Scatterplots show measured penta-dimensional responses (proliferation, IFN-γ, IL-17, GM-CSF and IL-10) for individual amplified T cell libraries (each dot) projected onto the first two principal components. Analysis is shown for (A) no peptide, (B) C. albicans, and (C) myelin peptides from thirteen healthy subjects and thirteen MS patients. Projections of the vectors for each data class are also shown and annotated for reference. Statistically significant p-values of myelin-reactive T cells for IL-17 (p < 0.0001), GM-CSF (p = 0.0114), IFN-γ (p < 0.0001), IL-10 (p = 0.0005) and proliferation (p < 0.0001).

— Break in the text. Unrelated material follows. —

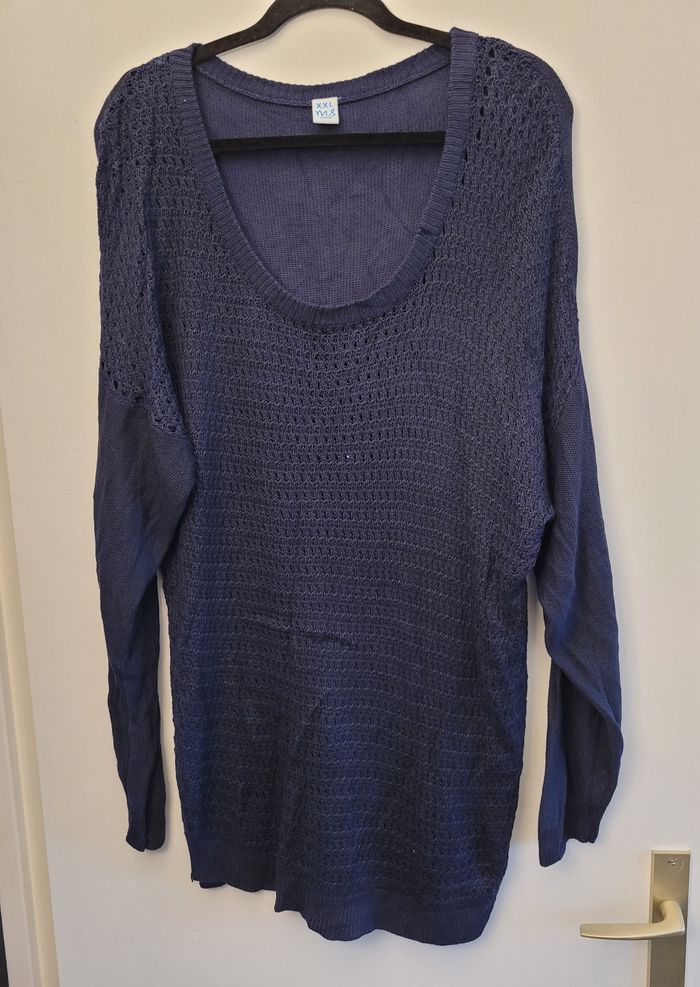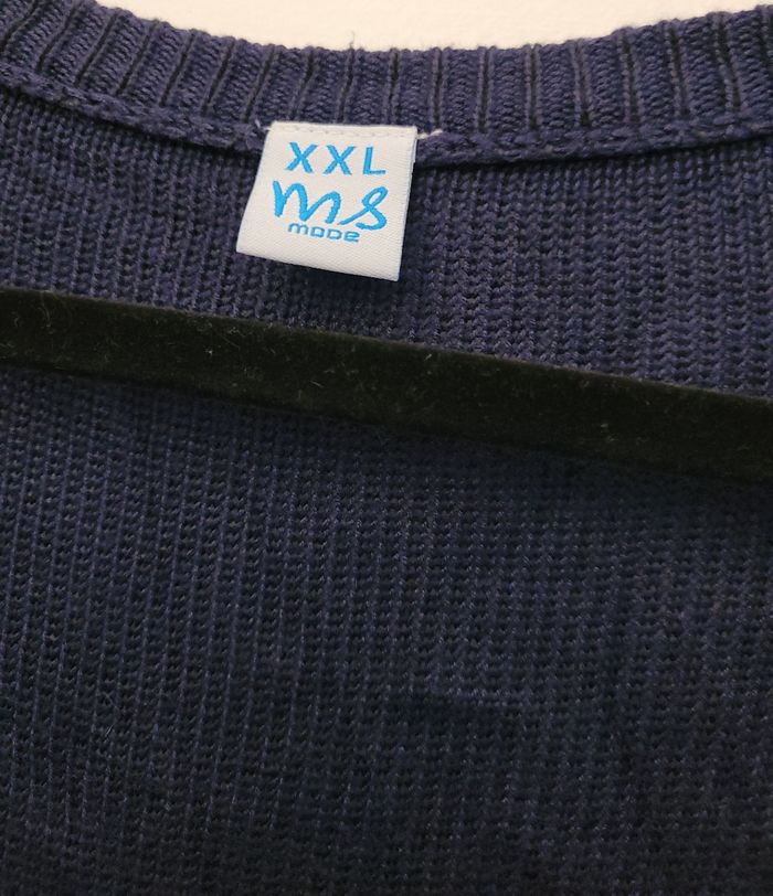 Je vends ce pull marine de la taille XXL qui c'est détendu au fil du temps.

Fig. 3. Single-cell clonal analysis of myelin-reactive CCR6⁺ memory CD4⁺ T cells in HLA-DR4⁺ patients with MS and healthy control subjects

Tetramer-sorted single cell clones (n = 144) were stimulated with DR4 myelin peptides (MOG_97-109 and PLP_180-199) to verify the specificity. Heatmap shows functional profiles of individual clones measured on day 5 after stimulation. Data were z-score normalized within a given parameter, and organized by hierarchical clustering. Clusters that separated in the dendrogram by a distance metric of 3 are shown in each box, and pie charts indicate proportion of clones within a given cluster derived from healthy (black) or MS (grey) subjects. The numbers next the pie charts refer to the clones classified into each proportion. Clones that did not respond after re-stimulation (42 healthy control and 41 MS clones) are not shown here, but did cluster together.

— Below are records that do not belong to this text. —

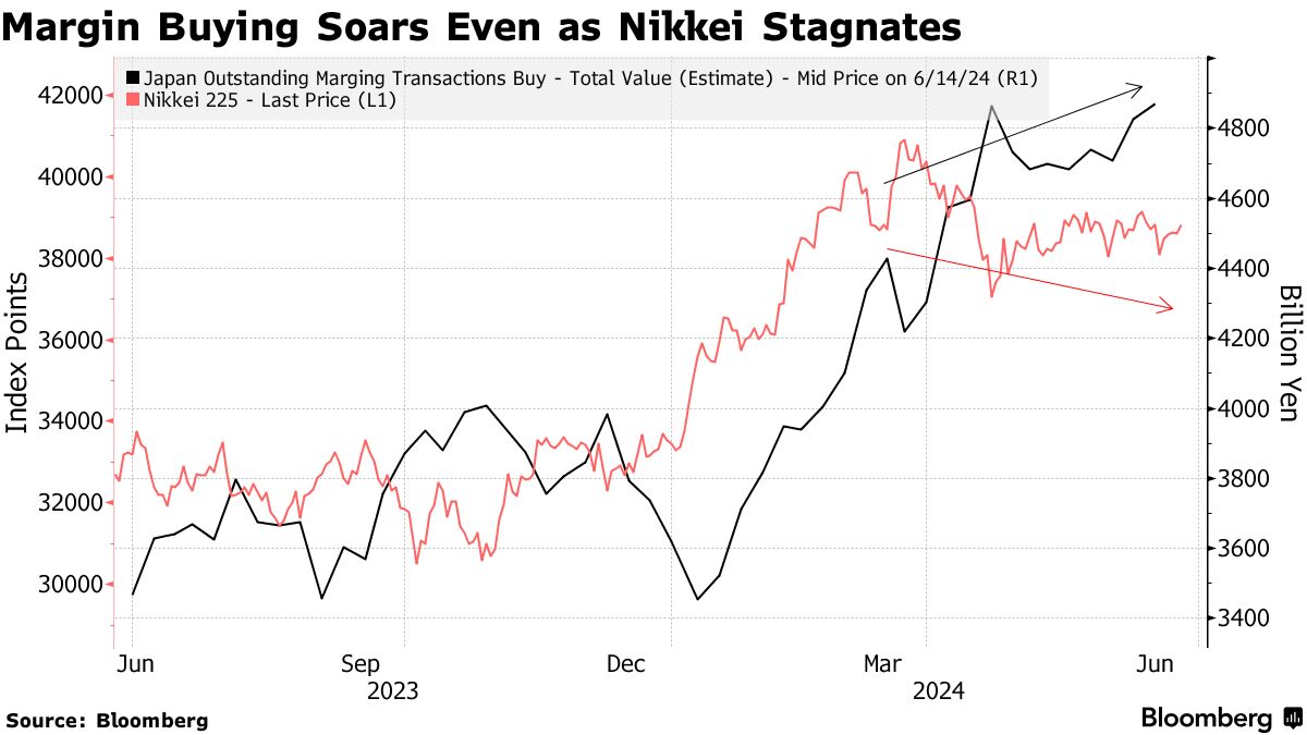 在经历了它们的惊人上涨之后,由于国内经济增长乏力、公司盈利预期令人失望以及担忧日本央行加息可能带来的后果,日本股市最近几个月落后于全球同行。提高了借贷成本。保证金买家实际上是向证券公司借钱购买股票,通常是高杠杆,如果市场疲软,投资者可能需要平仓,导致进一步抛售。
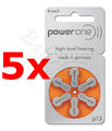 5 listków (30szt.) baterii POWER ONE do aparatów słuchowych firmy VARTA - typ 13.
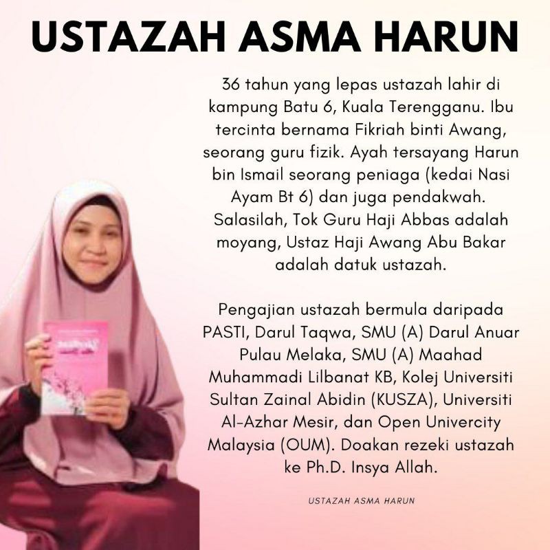 Sekeluarga menuju syurga & wanita paling. Asma' binti harun pendidikan : Kisah perkenalan ustazah asma harun dan suaminya yang disifatkan sebagai posting bersemut di laman sosial facebooknya. Jom berkenalan dengan biodata ustazah norhafizah musa. Menurutnya, suaminya itu yang terlebih dahulu memulakan hantaran pesanan ringkas kepadanya untuk bertanyakan sesuatu berkaitan hukum agama. Maahad muhammadi lil banat tempat tinggal : Asma' binti harun pendidikan : Biodata ustazah asma harun wikipedia. Ustazah berbincang dengan penerbit dan meminta mereka memberi kebenaran supaya ustazah boleh berkongsi bahan ini kepada semua. Pendakwah • penulis • penaung sahabat amal care. By @ustazahasmaharun 4 months ago. Ustazah asma binti harun dilahirkan pada 1984 di kampung batu 6, kuala terengganu, terengganu.ustazah asma ernah bertugas di jakim dan jabatan agama islam. Duhai suami yang mungkin terlupa facebook.com/ustazahasmaharu…
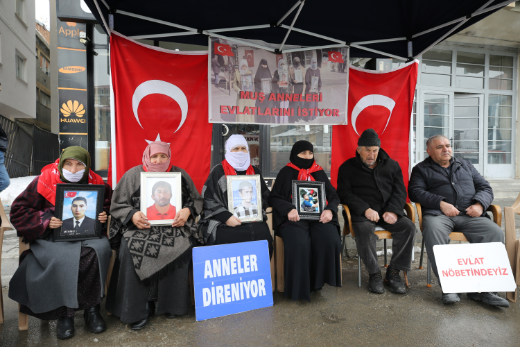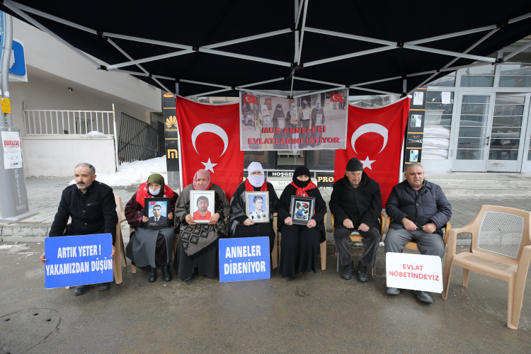Muş'ta çocukları terör örgütü PKK tarafından kaçırılan aileler, DEM Parti İl Başkanlığı binası önündeki eylemlerinde çocuklarına teslim olmaları çağrısında bulundu.

Fig. 4. Gene expression analysis of myelin-reactive CCR6⁺ memory T cells in HLA-DR4⁺ patients with MS and healthy subjects

CCR6⁺ memory CD4⁺ T cells from healthy subjects (n= 3) and MS patients (n = 5) were amplified by PHA and IL-2, scored for proliferation upon restimulation, and sorted as myelin tetramer⁺ and tetramer⁻ cells for RNA sequencing. (A) Gene sets enriched in the MS tetramer⁺ samples (yellow), healthy control (HC) tetramer⁺ samples (green), or both as determined by GSEA (FDR < 0.05). Representative gene sets from each category are shown. (B) Venn diagram summarizes the overlap of genes with the core pathologic EAE set (white), and the total genes in the leading edge (light grey), within the differentially expressed gene set reported by Lee et al (dark grey) (16). The heatmap (right) shows the z-score normalized log₂FPKM values for the indicated genes in MS tetramer⁺ or tetramer⁻ samples. Genes that are bold with asterisk are contained within the leading edge gene set. (C) −log(FDR) values of GSEA results for gene sets indicated. FDR values that were reported as zero were set to 4 for display purposes (pathogenic Th17, Th17 differential expression, Th17 cytokines, and Th17 combinatorial core). Dashed line shows FDR > 0.05. (D) A network representation of molecules enriched in MS tetramer⁺ samples. The color of each molecule shows fold change of MS tetramer⁺ relative to MS tetramer⁻ as indicated by the key. Solid (direct) or dashed (indirect) cyan lines denote known molecular interactions. Select molecules are labeled and molecules highlighted in orange were differentially expressed.